§ **Try it**
Below this line is a set of entries; quote exactly the lines from the line that contains "1、升级摩托车,提升速度、力量等属性,增强摩托车性能,更好应对赛道挑战。" to the line that contains "Der PDP Electric", both lines included.

§ **Provided information**

....

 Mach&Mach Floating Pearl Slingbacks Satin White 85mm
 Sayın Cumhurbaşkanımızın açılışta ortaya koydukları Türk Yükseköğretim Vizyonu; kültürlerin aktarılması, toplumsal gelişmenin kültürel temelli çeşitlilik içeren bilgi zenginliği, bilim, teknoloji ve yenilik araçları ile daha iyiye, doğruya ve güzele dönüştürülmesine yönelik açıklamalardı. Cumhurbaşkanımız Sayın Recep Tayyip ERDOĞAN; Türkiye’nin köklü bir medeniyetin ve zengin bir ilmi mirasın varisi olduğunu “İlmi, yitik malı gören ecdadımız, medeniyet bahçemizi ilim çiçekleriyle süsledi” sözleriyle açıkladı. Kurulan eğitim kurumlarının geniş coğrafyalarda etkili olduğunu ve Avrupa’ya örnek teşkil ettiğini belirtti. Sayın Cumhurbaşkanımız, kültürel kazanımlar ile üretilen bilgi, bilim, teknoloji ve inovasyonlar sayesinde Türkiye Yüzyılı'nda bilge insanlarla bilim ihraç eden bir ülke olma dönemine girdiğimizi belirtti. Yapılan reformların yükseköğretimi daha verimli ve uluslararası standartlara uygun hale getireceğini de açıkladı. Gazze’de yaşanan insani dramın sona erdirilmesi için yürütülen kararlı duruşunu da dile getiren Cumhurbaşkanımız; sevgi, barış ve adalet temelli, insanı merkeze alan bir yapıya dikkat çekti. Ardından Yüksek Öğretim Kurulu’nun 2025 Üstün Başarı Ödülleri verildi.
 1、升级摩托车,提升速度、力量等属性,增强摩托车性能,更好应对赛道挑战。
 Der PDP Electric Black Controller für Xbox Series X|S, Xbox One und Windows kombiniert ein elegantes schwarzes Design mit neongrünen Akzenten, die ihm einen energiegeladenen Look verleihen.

....

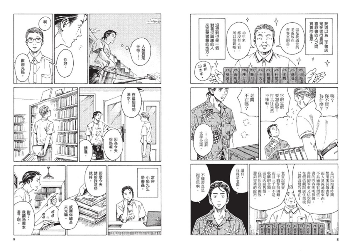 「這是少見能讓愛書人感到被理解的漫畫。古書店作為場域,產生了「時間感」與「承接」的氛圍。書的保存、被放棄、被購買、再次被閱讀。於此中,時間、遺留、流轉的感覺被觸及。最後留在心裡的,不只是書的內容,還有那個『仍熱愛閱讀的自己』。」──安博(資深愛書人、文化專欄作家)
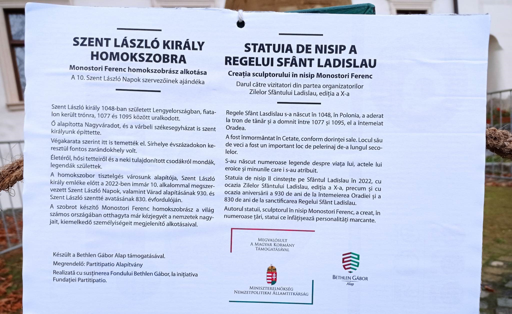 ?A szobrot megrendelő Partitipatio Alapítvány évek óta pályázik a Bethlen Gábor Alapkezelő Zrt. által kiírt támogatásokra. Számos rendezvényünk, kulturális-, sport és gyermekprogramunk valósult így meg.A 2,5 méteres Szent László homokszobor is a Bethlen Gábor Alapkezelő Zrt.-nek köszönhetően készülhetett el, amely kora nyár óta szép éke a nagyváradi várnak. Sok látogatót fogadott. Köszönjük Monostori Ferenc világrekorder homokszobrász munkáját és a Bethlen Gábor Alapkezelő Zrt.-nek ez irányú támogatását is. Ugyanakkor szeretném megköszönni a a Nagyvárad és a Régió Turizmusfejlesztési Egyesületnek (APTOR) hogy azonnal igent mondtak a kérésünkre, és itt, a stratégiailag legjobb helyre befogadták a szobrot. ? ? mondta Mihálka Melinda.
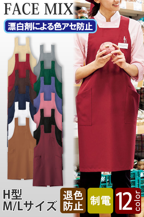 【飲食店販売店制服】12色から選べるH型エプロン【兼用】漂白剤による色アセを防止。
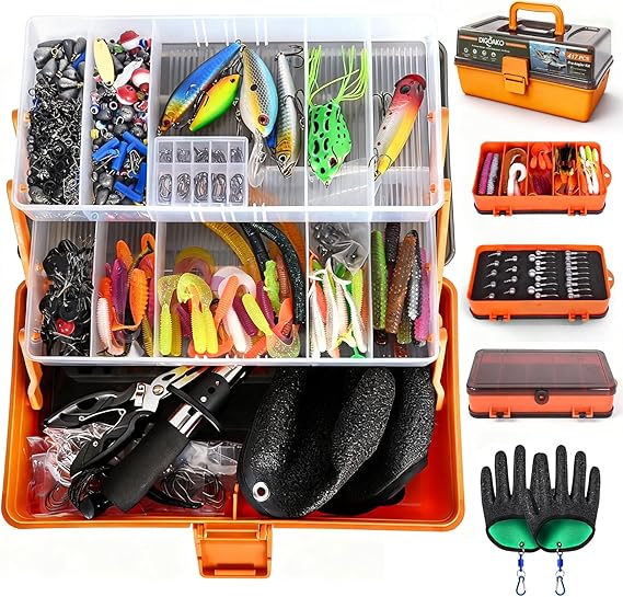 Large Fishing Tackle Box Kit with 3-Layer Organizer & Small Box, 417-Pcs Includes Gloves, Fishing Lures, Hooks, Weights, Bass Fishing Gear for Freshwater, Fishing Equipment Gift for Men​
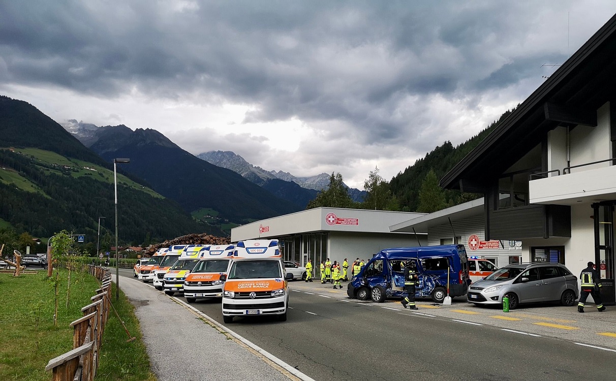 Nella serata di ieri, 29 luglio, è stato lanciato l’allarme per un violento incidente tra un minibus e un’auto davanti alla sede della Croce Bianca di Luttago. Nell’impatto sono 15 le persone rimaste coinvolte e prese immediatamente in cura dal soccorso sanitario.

....

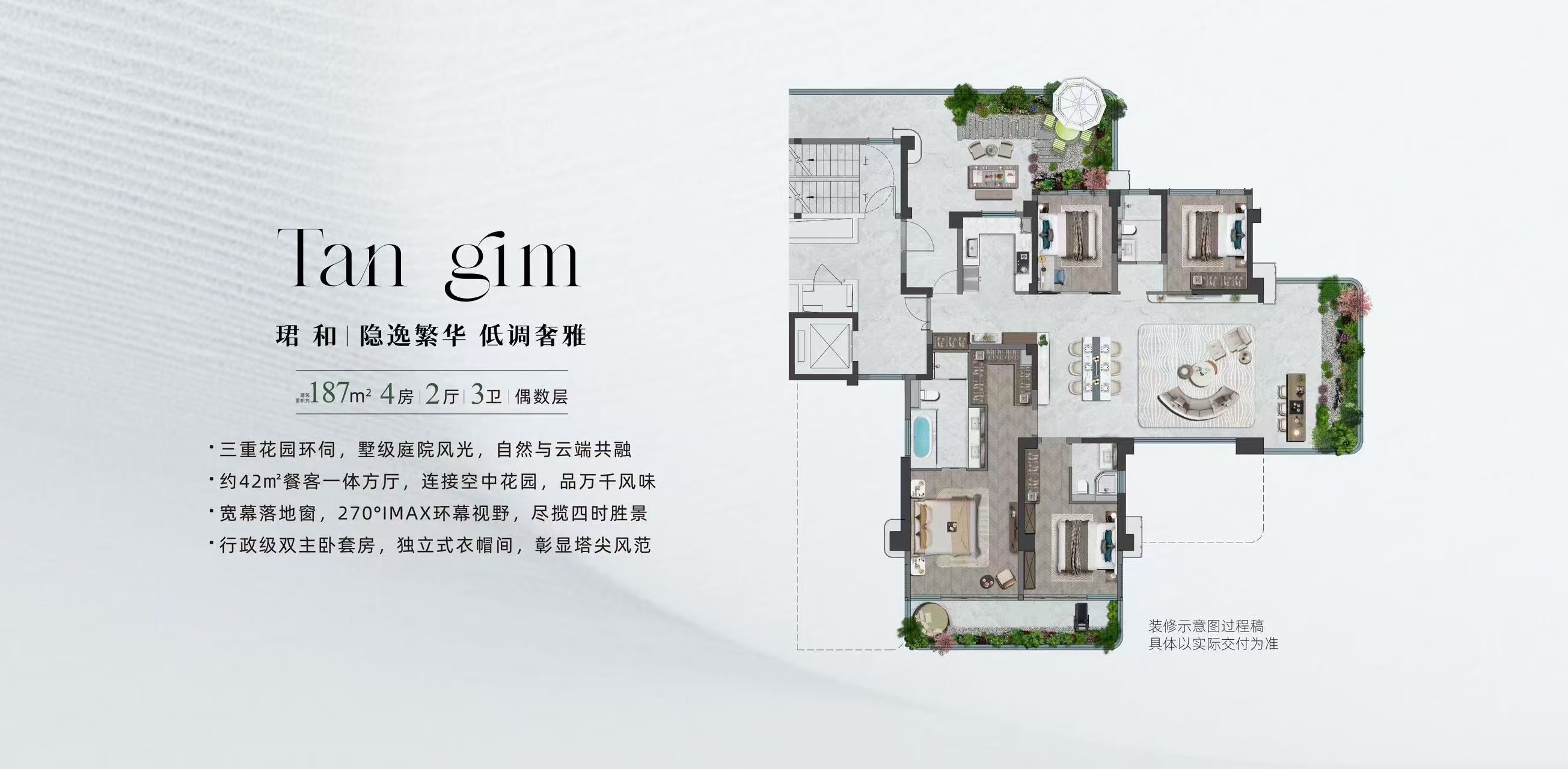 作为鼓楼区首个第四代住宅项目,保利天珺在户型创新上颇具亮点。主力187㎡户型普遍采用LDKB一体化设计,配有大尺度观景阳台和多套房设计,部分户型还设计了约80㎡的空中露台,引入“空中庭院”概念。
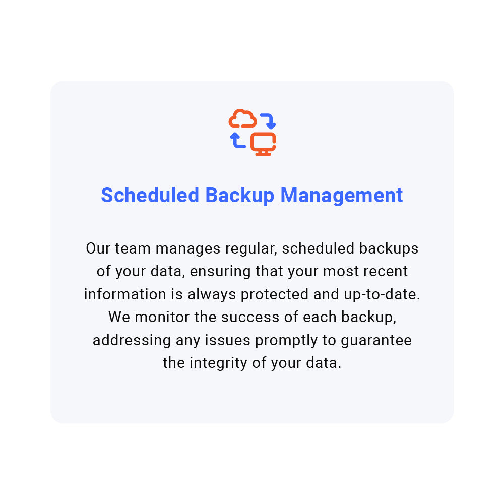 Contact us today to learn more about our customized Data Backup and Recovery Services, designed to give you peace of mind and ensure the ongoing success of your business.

....

§ **Reply**
 1、升级摩托车,提升速度、力量等属性,增强摩托车性能,更好应对赛道挑战。
 Der PDP Electric Black Controller für Xbox Series X|S, Xbox One und Windows kombiniert ein elegantes schwarzes Design mit neongrünen Akzenten, die ihm einen energiegeladenen Look verleihen.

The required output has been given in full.